The parties to the litigation – NetChoice, Texas and Florida – raised the issue of the impact of the laws on the platforms’ content moderation policies, particularly whether the platforms engaged in free speech. The 11th U.S. Circuit Court of Appeals upheld a lower court’s preliminary injunction against the Florida law, holding that the platforms’ content moderation policies constituted free speech and that the law was unconstitutional.

The U.S. Court of Appeals for the 5th Circuit came to the opposite conclusion, holding that the platforms were not engaged in communications activities, but rather that their algorithms were controlling the platforms’ behavior, which was not protected by the First Amendment. The 5th Circuit Court of Appeals determined that this behavior constituted censorship and overturned a lower court injunction against the Texas law.

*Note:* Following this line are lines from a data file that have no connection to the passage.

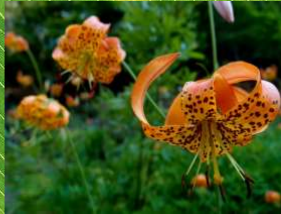
2. Native Plants
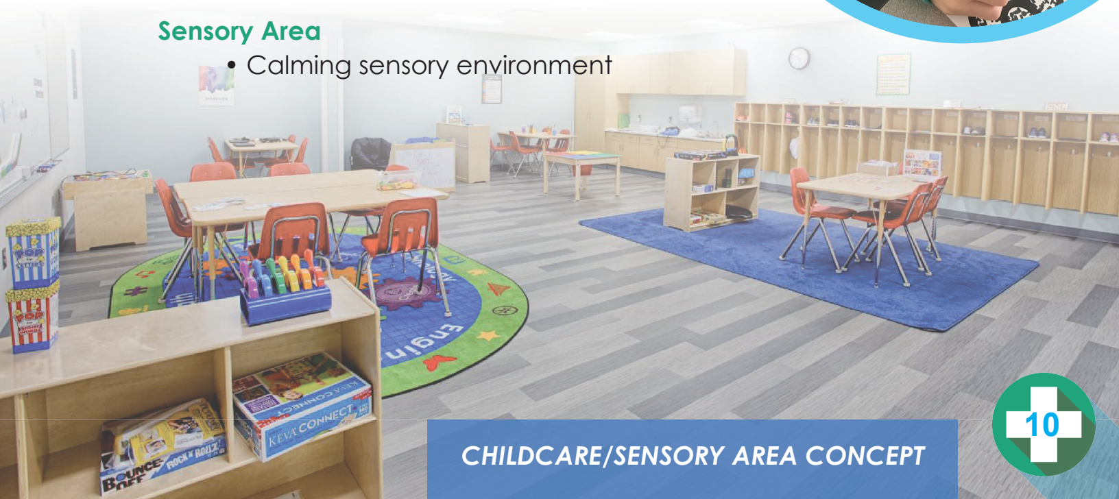
CHILDCARE/SENSORY AREA CONCEPT
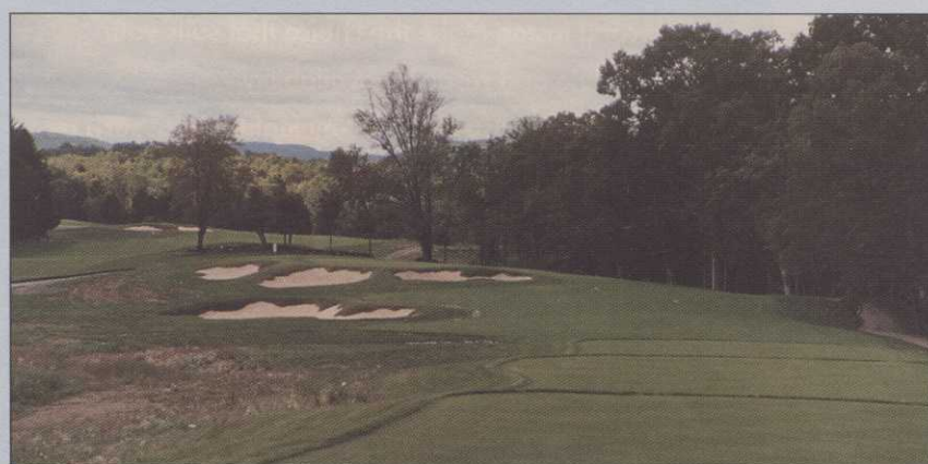
Branton Woods Golf Club in Stormville, N.Y., opened Oct. 8.
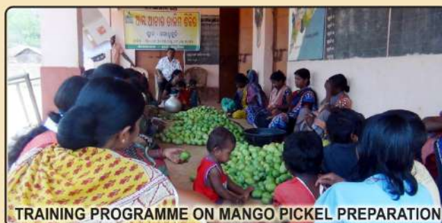
TRAINING PROGRAMME ON MANGO PICKEL PREPARATION
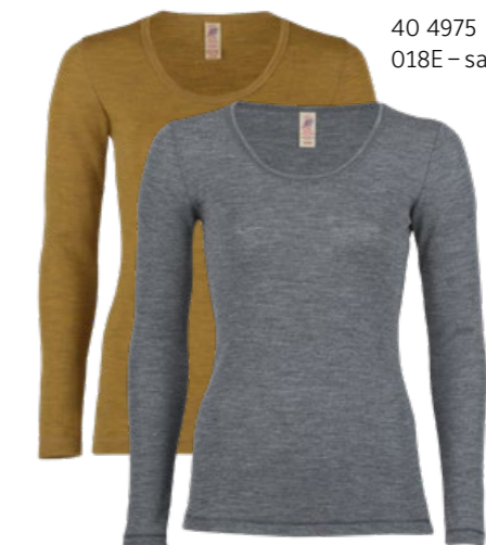
40 4975 018E - saffron mélangé

● 100% virgin wool (organic), fine rib sz. 34/36, 38/40, 42/44, 46/48
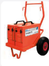
Coolspool 29 Twin
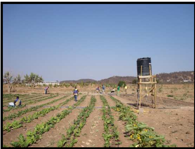
Drip Irrigation from the traditional well
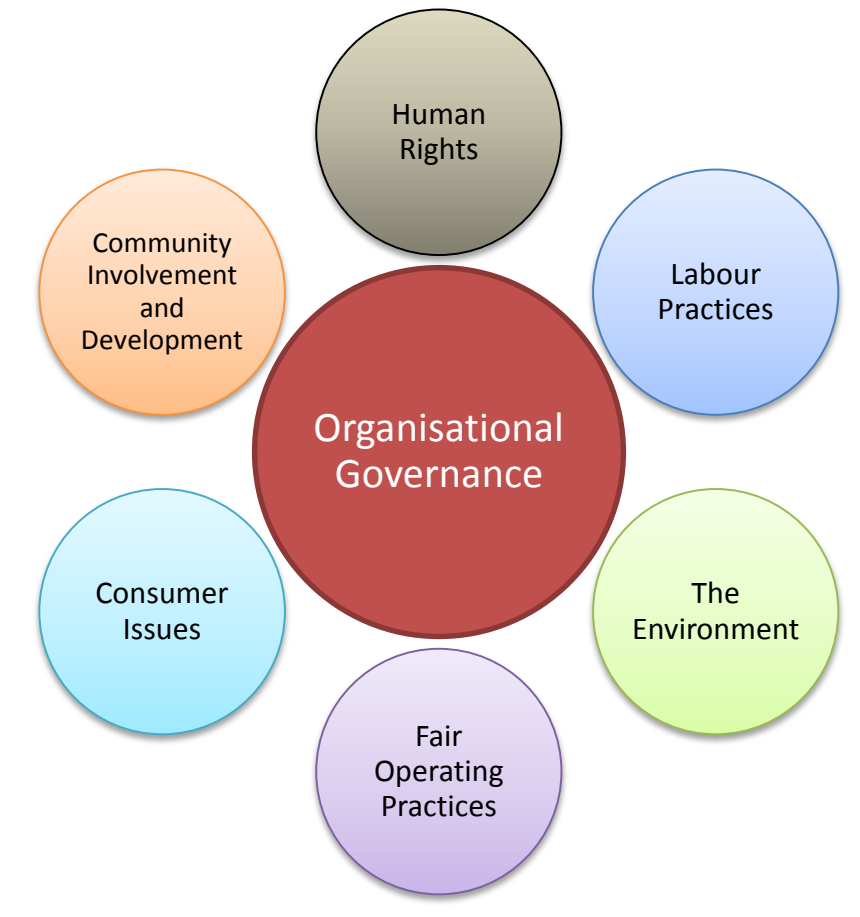
Figure 2: The seven core subjects of ISO 26000

From the issue matrix it is then possible to identify a sub-set of relevant issues for your organisation to take forward. A summary of the Agrico UK self-assessment/issue matrix can be found in this section.
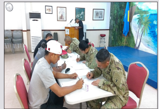
US Army Recruiters assisting student register for ASVAB test

On April 3 - 6, 2017, The U.S. Army Recruiter Station in Guam visited PCC and provided Armed Services Vocational Aptitude Battery (ASVAB) registration, information, and testing. ASVAB is the most widely used multiple-aptitude test battery that measures your strengths, weaknesses, and potential for future success. The ASVAB also provides you with career information for various civilian and military occupations and is an indicator for success in future endeavors whether you choose to go to college, vocational school, or a military career. ASVAB test scores are broken down by the individual sub-tests and composites of the sub-tests. One of the most critical of these scores is the Armed Forces Qualification Test, which is used to determine if you are qualified to join the military service. Each armed service branch utilizes the qualification AFQT score for enlisting individuals in their service.
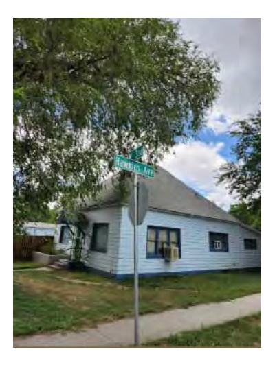
Photo 118 Intersection between W 3<sup>rd</sup> St and Hawkins Ave
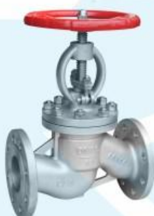
GOST Globe valve
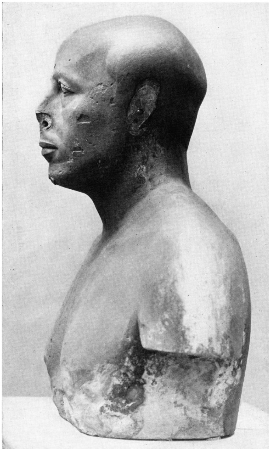
Prince Ankh-haf, left profile
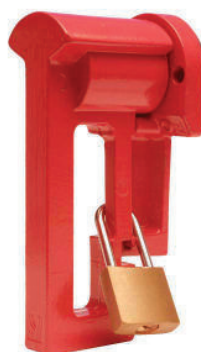
Locking system allows several individual padlocks to be inserted
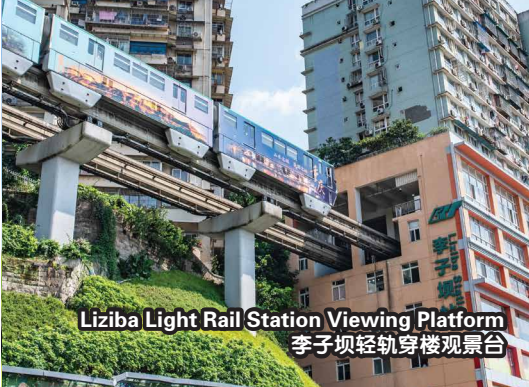
Liziba Light Rail Station Viewing Platform 李子坝轻轨穿楼观景台
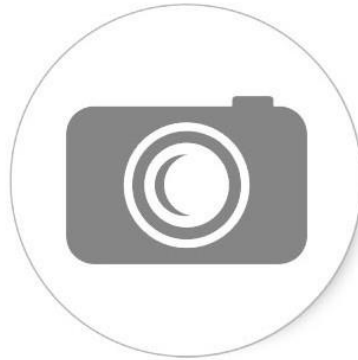
IMAGE NOT AVAILABLE
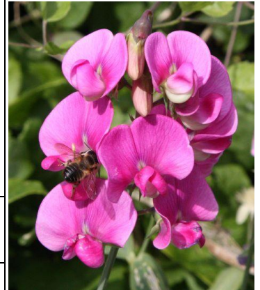
Lathyrus Latifolius next to Platform 2 at Chelsfield Station.
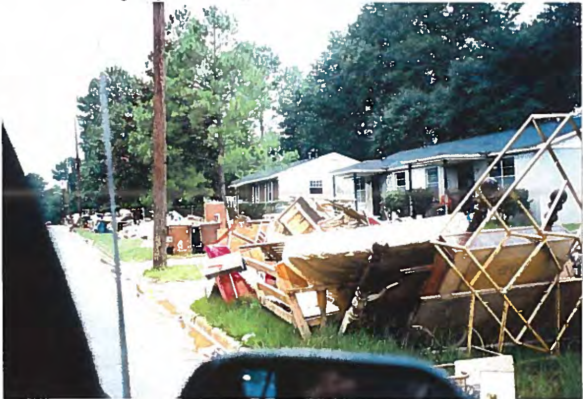
16. Single-family house on Wadkins Street. Interior goods and furnishings damaged by floodwaters.
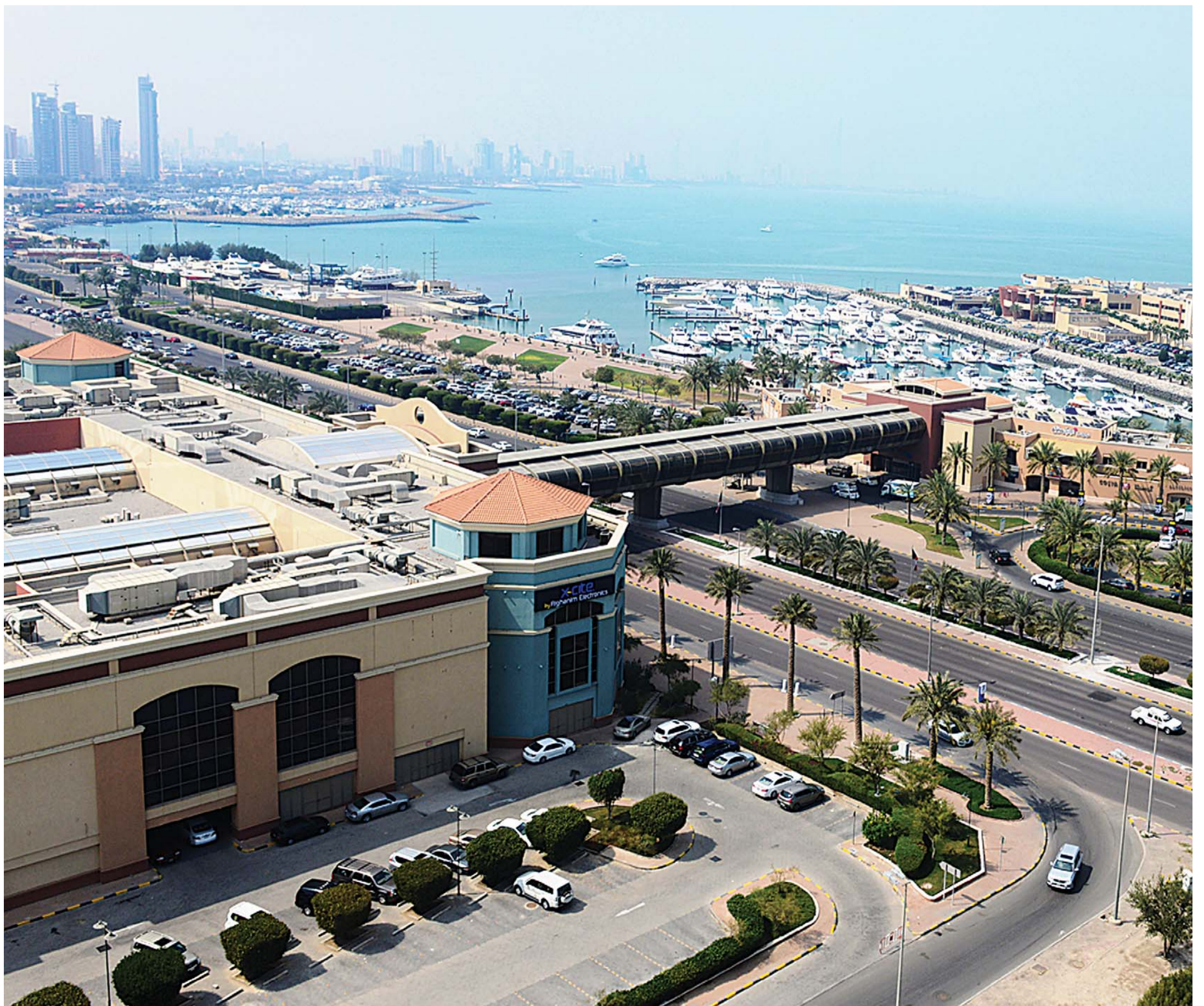
KUWAIT: The Marina Crescent, a favorite tourist destination in Kuwait.
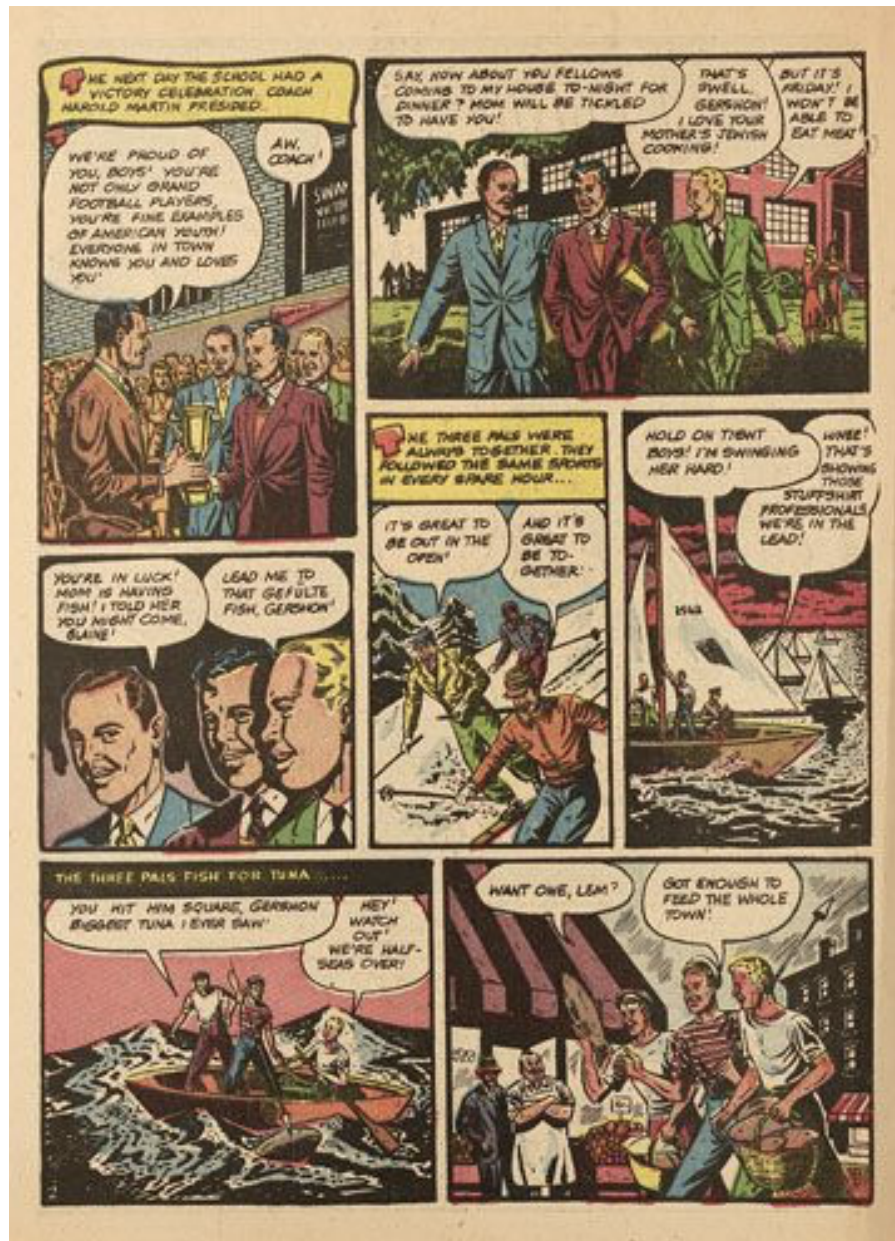
Figure 2.4. Jack Alderman, "Winning the football cup," Three Pals , 2. New York: Community Service, n. d. [1945]. Print. American Jewish Committee Archives, New York.
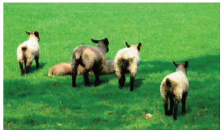
Scour in lambs during June, maybe caused by internal parasites, principally Nematodirus and Teladorsagia . If the problem is not addressed, this may lead to losses and long-term poor growth rates.

Endoparasites cost the UK sheep industry £84m annually and the problem of anthelmintic resistance is increasing. Recent research (Gerald Colles 2010) suggests that only 15% of farmers understand the SCOPS recommendations. NADIS publishes a monthly parasite forecast based on detailed Met Office data for the 10 weather regions of the UK. The Parasite Forecast highlights the likely parasitic challenge to livestock in the regions and emphasises the SCOPS recommendations in a practical context. Specific forecasts are published for fluke and nematodiosis at strategic times of the year
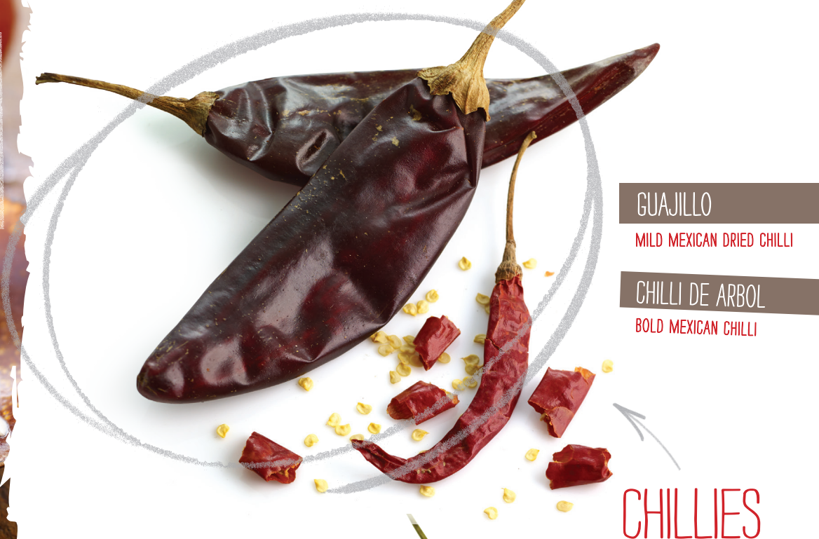
GUAJILLO MILD MEXICAN DRIED CHILLI CHILLI DE ARBOL BOLD MEXICAN CHILLI
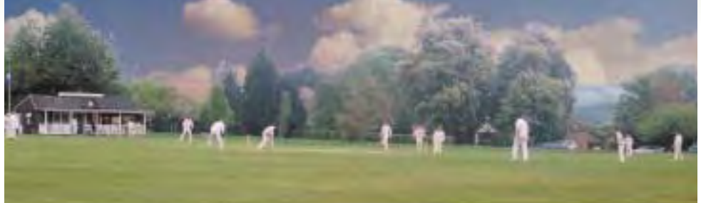
11. Cricket on the Lees with the North Downs in the background.

Great Stour river valley. Apart from Goat Lees and the southern Trinity Road areas, the whole of the parish is within an Area of Outstanding Natural Beauty or a Kent Special Landscape Area (see map on pages 14 and 15). There is a wide variety of soil types throughout the parish, the main ones being chalk, marl, gault clays, sand, gravel and brickearth. The fertile land is extensively farmed with the exception of an area of mixed woodland bordering the northern edge of the parish. The only village in the parish is Boughton Lees, some five kilometres (three miles) from Ashford town centre, on the A251 Ashford to Faversham road. The majority of properties in the village border a picturesque green [8] where cricket has been played since 1798 [11]. It is mostly within a conservation area. The Eastwell Estate was partially surrounded by a brick wall [12, 16], five kilometres (three miles) of which still survive. The other main centre of population is at Goat Lees, a modern development, started in 1998 and yet to be completed. It is built on former farmland on the northern edge of Ashford. The other main road running through the parish, near its eastern boundary along the Great Stour river valley, is the A28, Ashford to Canterbury road.
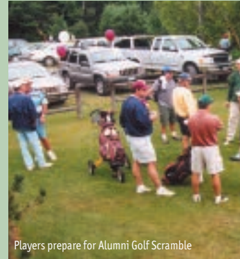
Players prepare for Alumni Golf Scramble
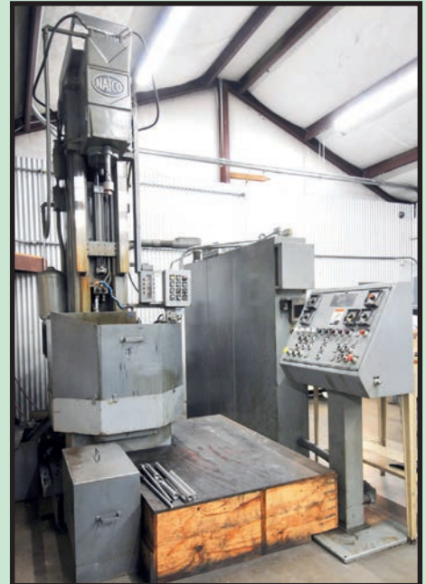
NATCO VERTICAL HONING MACHINE

DAY ONE: ITEMS LOCATED AT LOCATION #2 LANGHAM CREEK MACHINE WORKS 37470 FM 529 BROOKSHIRE, TX 77423
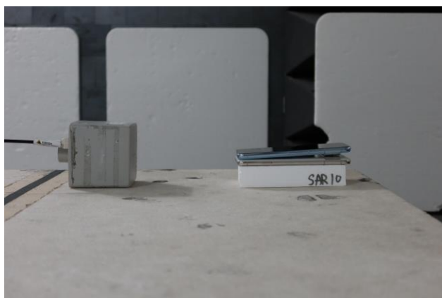
Position F @ 15cm separation distance
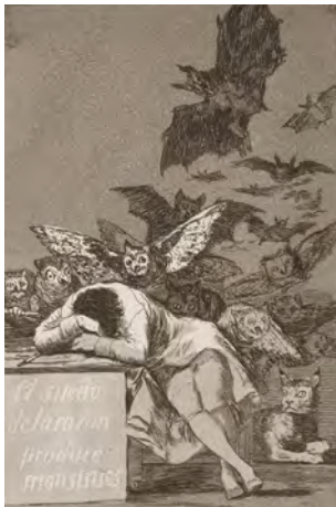
Francisco de Goya 1746–1828 The sleep of reason produces monsters 1797–98, etching and aquatint, 21.5 x 15 cm. Purchased 1978

Draw more creatures of the night that could surround Goya.
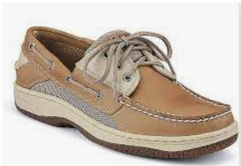
Tan Suede Buck

The Supreme Court, however, reframed the inquiry. It noted that the lower courts had failed to consider the full range of activities covered by the laws. Thus, even if a First Amendment inquiry were in order, the lower courts’ decisions and the parties’ arguments were incomplete. The Court added that neither the parties nor the lower courts had engaged in a thorough analysis of whether and how the state laws affected other elements of the platforms’ products, such as Facebook’s direct messaging apps, or even whether the laws impacted email providers or online marketplaces.

The Supreme Court has ordered lower courts to engage in a much more rigorous analysis of laws and their implications and has provided some guidelines.

Principles of the First Amendment

The court ruled that content moderation policies reflect platforms’ constitutionally protected editorial choices, at least with respect to what the court described as “central applications” of the laws, such as Facebook’s News Feed and YouTube’s homepage.

The Supreme Court asked lower courts to consider two fundamental constitutional principles of the First Amendment. The first is that the amendment protects speakers from being compelled to communicate messages they would prefer not to. The editorial discretion of entities, including social media companies, that compile and curate the speech of others is an activity protected by the First Amendment.

The other principle is that the amendment prevents the government from controlling free speech, even for the purpose of balancing the marketplace of ideas. Neither the federal nor the state governments can manipulate that marketplace in order to present a more balanced range of views.

The Court also affirmed that these principles apply to digital media in the same way as they apply to traditional or legacy media.

In her 96-page opinion, Justice Elena Kagan wrote: “The First Amendment … does not apply where social media is involved.” For now, it appears that social media platforms will continue to police their content.